Although abstract and highly hypothetical, our simulation helps to stimulate the call to reconsider these aspects while testing manipulations of peer review. Furthermore, while measuring the effects of these manipulations is in principle possible with in-journal data (e.g. Bravo et al. 2019), tracing long-term consequences of scientists’ reactions would require cross-journal data and consistent identity tracing procedures, as scientists review manuscripts for different journals: in short, a very arduous endeavor. This is where simulation models can help by providing scenario analysis that exploits available knowledge to explore probabilistic future trends with all due caveats concerning the weak realism and attention to contexts (Gilbert et al. 2018; Feliciani et al. 2019).

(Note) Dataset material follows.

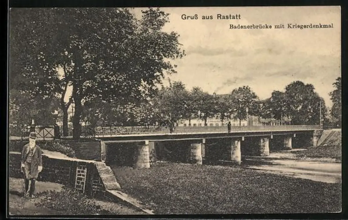 AK Rastatt, Badenerbrücke mit Kriegerdenkmal

Following previous research, at first glance our simulations would lead to a dramatic conclusion, i.e. if scientists behave adaptively in peer review, a random system could be functional to reduce the cost of reviewing (e.g. Squazzoni and Gandelli 2013). This is true, according to our model, which has been intentionally built to consider extreme (hypothetical) scenarios. However, the problem is that it is hard to believe that even ideally, scientists would behave purely randomly. Secondly, the fact that scientists follow adaptive behavior makes them sensitive to incentives and regulations, which are the real levers that scientific associations, publishers, and journals have at their disposal to perform experiments that can improve the current situation. This is relevant even when contemplating reforms that are more coherent to the complex, multidimensional space of values and context-specific set of practices characterizing the academic community. Obviously, while artificial experiments can stimulate debate by analogy, their findings cannot inform policy or interventions and would require empirical test to support any generalization (Edmonds et al. 2019).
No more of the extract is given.